Eugène Pons s’associe à d’autres imprimeurs lyonnais, amis et résistants. Il faut se procurer les bons caractères, les plombs, pour imiter parfaitement la typographie de l’original. Eugène et son gendre supervisent ensemble l’opération. L’imprimerie ferme officiellement ses portes à 18 heures. Plusieurs soirs de suite, Eugène, son gendre, et quelques-uns de ses ouvriers se glissent dans l’atelier un peu avant minuit. Ils travaillent jusqu’au matin dans l’odeur d’encre et le vacarme des presses. Ils rentrent chez eux discrètement par les traboules, les yeux rougis d’avoir traqué la moindre erreur dans la composition des textes.
Fin décembre, Eugène informe les chefs du réseau : ils sont prêts ; la maquette du Faux Nouvelliste est finalisée. Il faut en organiser la distribution.
Le 31 décembre 1943 à 5 heures du matin, des résistants font la tournée des kiosquiers et substituent, sous prétexte de censure par la police allemande, les exemplaires du Nouvelliste par la nouvelle version.
À 8 heures, quand la supercherie est découverte, la plupart des 25 000 exemplaires falsifiés ont été vendus. Ni la police française ni la Gestapo n’éclairciront jamais l’affaire.
Le 21 mai 1944 vers midi, la Gestapo inspecte l’imprimerie. Eugène Pons est présent. La Gestapo ne trouve rien, mais, en partant, décide d’arrêter l’ouvrier d’origine alsacienne Charles Lang. Eugène s’interpose.
Charles et Eugène sont emmenés ensemble à la Prison Montluc ; ils seront interrogés par le chef de la Gestapo lyonnaise, Klaus Barbie.
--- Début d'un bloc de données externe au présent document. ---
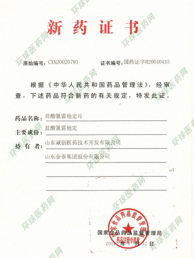 本品的主要成份為鹽酸氯雷他定。 |
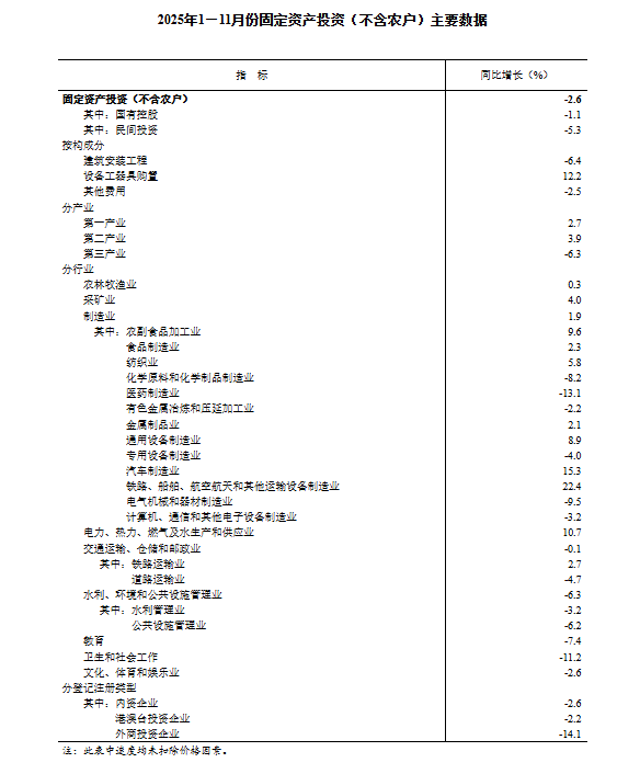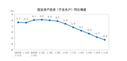 2025年1—11月份,全国固定资产投资(不含农户)444035亿元,同比下降2.6%(按可比口径计算,详见附注7)。其中,民间固定资产投资同比下降5.3%。从环比看,11月份固定资产投资(不含农户)下降1.03%。
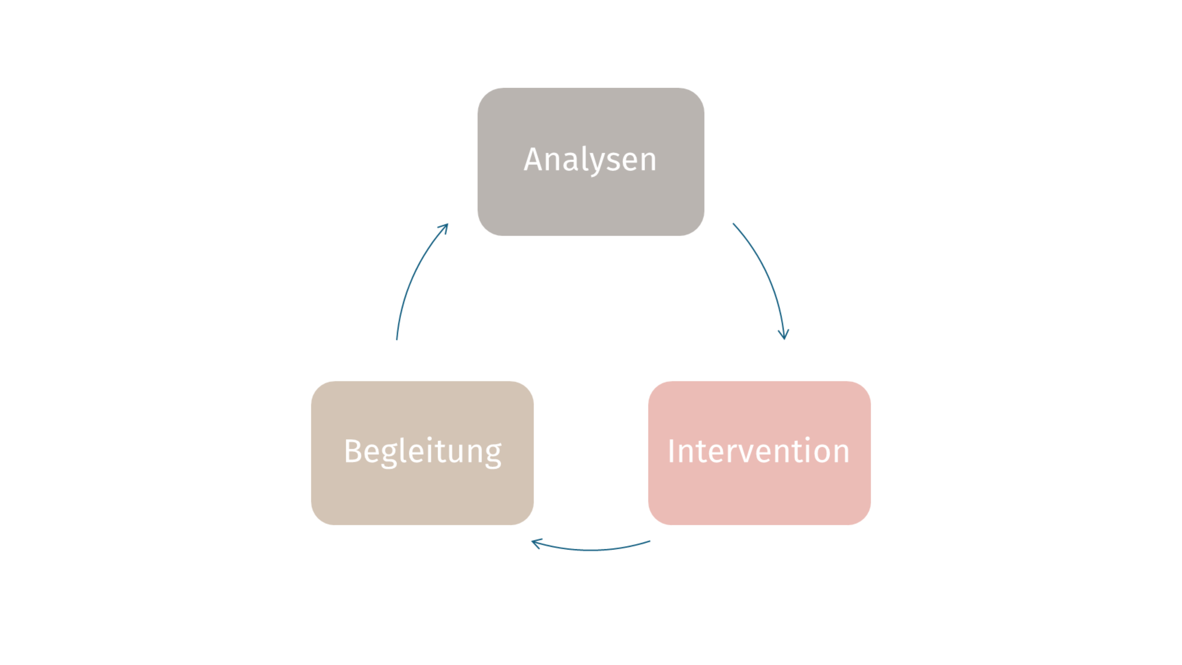 Das finden Sie in meinem primären Zyklus. Basierend auf meinen Analysen und einer Intervention (z. B. Teambuilding) richte ich die Begleitung Ihres Unternehmens und Ihres Personals aus.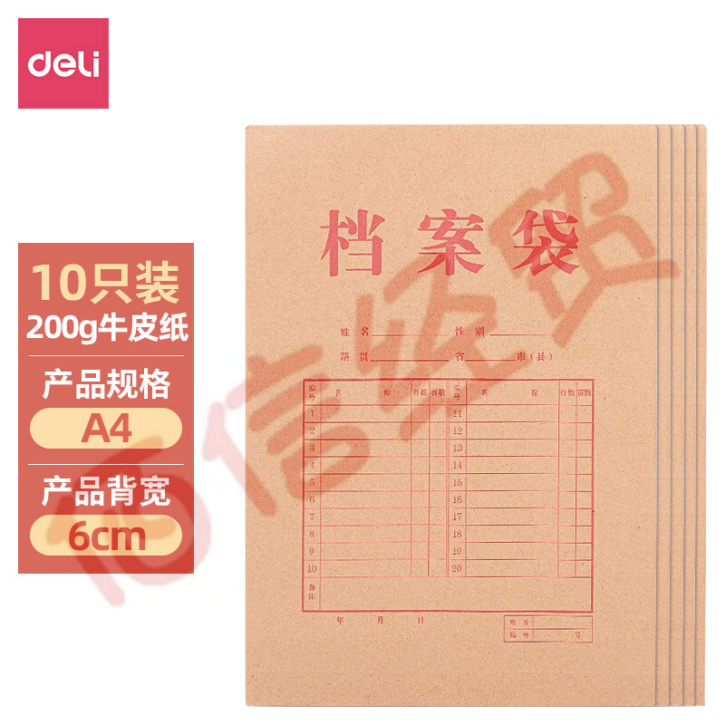 得力(deli)-10只-A4-混漿200g牛皮紙檔案袋 側(cè)寬6cm標書合同文件資料袋票據(jù)收納袋64101 自營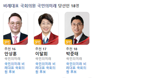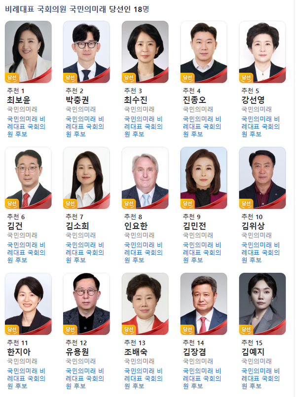 다음은 국민의미래 비례대표 당선인의 명단이다. 최보윤, 박충권, 최수진, 진종오, 강선영, 김건, 김소희, 인요한, 김민전, 김위상, 한지아, 유용원, 조배숙, 김장겸, 김예지, 안상훈, 이달희, 박준태, 총 18석을 차지했다.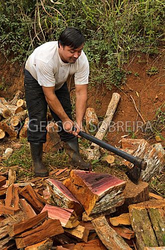 Keywords: Machado, Corte, Myrcia retorta, Guamirim-ferro, Guamirim, Rachando, Lenhador, Lenha, Homem, Adulto, Gente, 2012, Parana, General Carneiro, Vertical |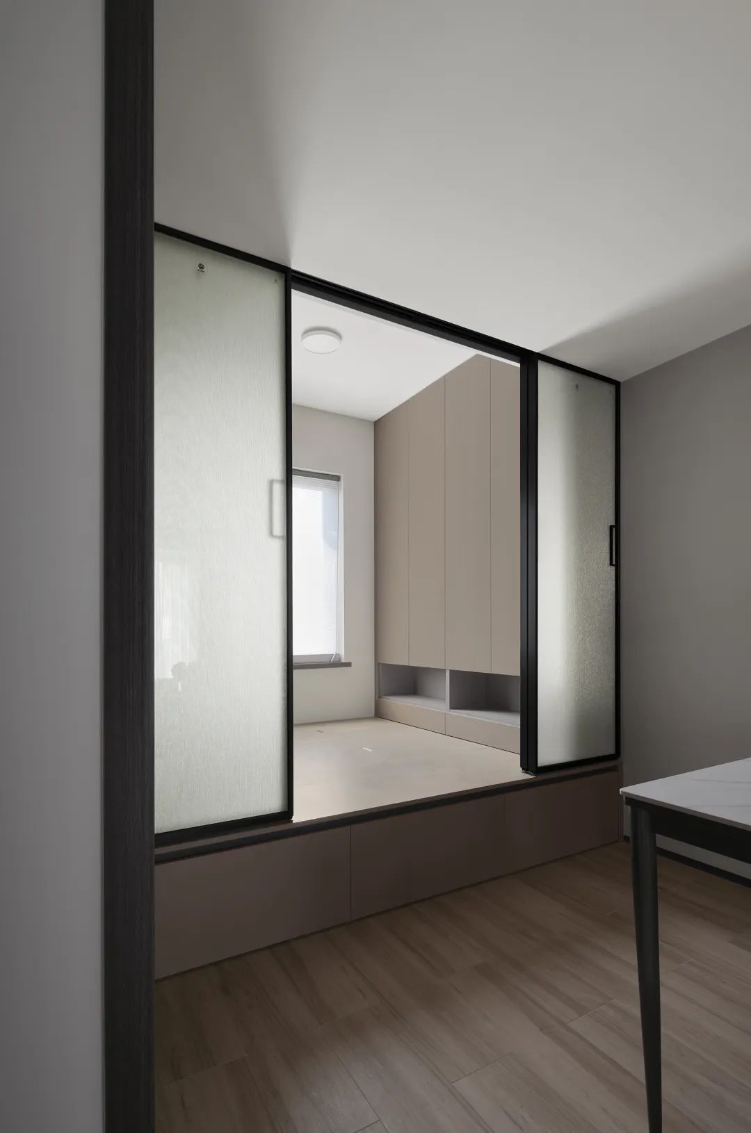 按居住需求打造出一个多功能榻榻米空间,平日里用来进行阅读、喝茶等休闲活动,也可变身客房。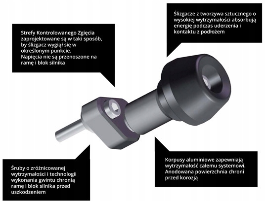 Набір аварії має двозонну структуру - зовнішня зона поглинає енергію удару і вигини в суворо визначеній точці. Внутрішня частина - це правильне кріплення до оригінальних елементів мотоцикла - рамки або блоку двигуна. Сила гвинтів та їх ниток вибирають так, щоб не змусити нитку розбити або згинати рамку мотоцикла під час удару. Гвинти у внутрішній зоні мають набагато більший клас міцності (12,9), ніж гвинти у зовнішній частині (8,8). Таким чином Реннер усунув основний недолік інших аварійних прокладок, доступних на ринку. 4 Основна його роль виконується, оскільки вона відволікає значну частину енергії, коли мотоцикл потрапив у асфальт.

Le 1er juillet, Eugène est dans le camp de transit de Compiègne. Le 15, il est transféré avec Charles et 1500 hommes en Allemagne dans le camp de travail de Neuergamme.
Eugène Pons porte le matricule 36921, il est affecté au transport de pierres sur le canal de l’Elbe, puis à l’atelier de tressage de cheveux. Il meurt d’épuisement le 24 février 1945.
Eugène avait 58 ans.

Quelques commentaires d'Yves MASSOT :
Véronique BLETTERY est ma nièce et ma filleule. Sa mère (qui est ma sœur) m’a envoyé le texte ci-dessus, qui m’a rappelé de nombreux souvenirs. J’ai donc proposé à l’auteure de le publier sur mon blog. Merci d'avoir accepté !
Eugène PONS habitait rue de Dijon. La ville a décidé de lui rendre hommage en donnant son nom à cette rue. Elle relie le quai Herbouville, qui bordure le Rhône sur sa rive droite, à la place Adrien-Godin, en passant par la rue Artaud.
La maison de ma famille paternelle se trouvait en face de celle d’Eugène Pons. Ils entretenaient une amitié profonde. Les époux Pons ont aidé ma grand-mère lors du décès de son mari.
Quand nous étions enfants, nous allions souvent à la Croix-Rousse. À plusieurs reprises, nous avons rencontré Madame Pons : je me souviens de sa gentillesse et sa discrétion.
Pour aller de Paris à Lyon, on prenait le train tracté par une locomotive à vapeur. Le voyage durait six heures et à chaque gare, la loco faisait le plein d'eau. Des employés tapaient sur les roues avec leur marteau afin de vérifier qu'elles ne soient pas fêlées. Le confort de la troisième classe restait très spartiate.
Merci, Véronique, d’avoir remué tous ces souvenirs.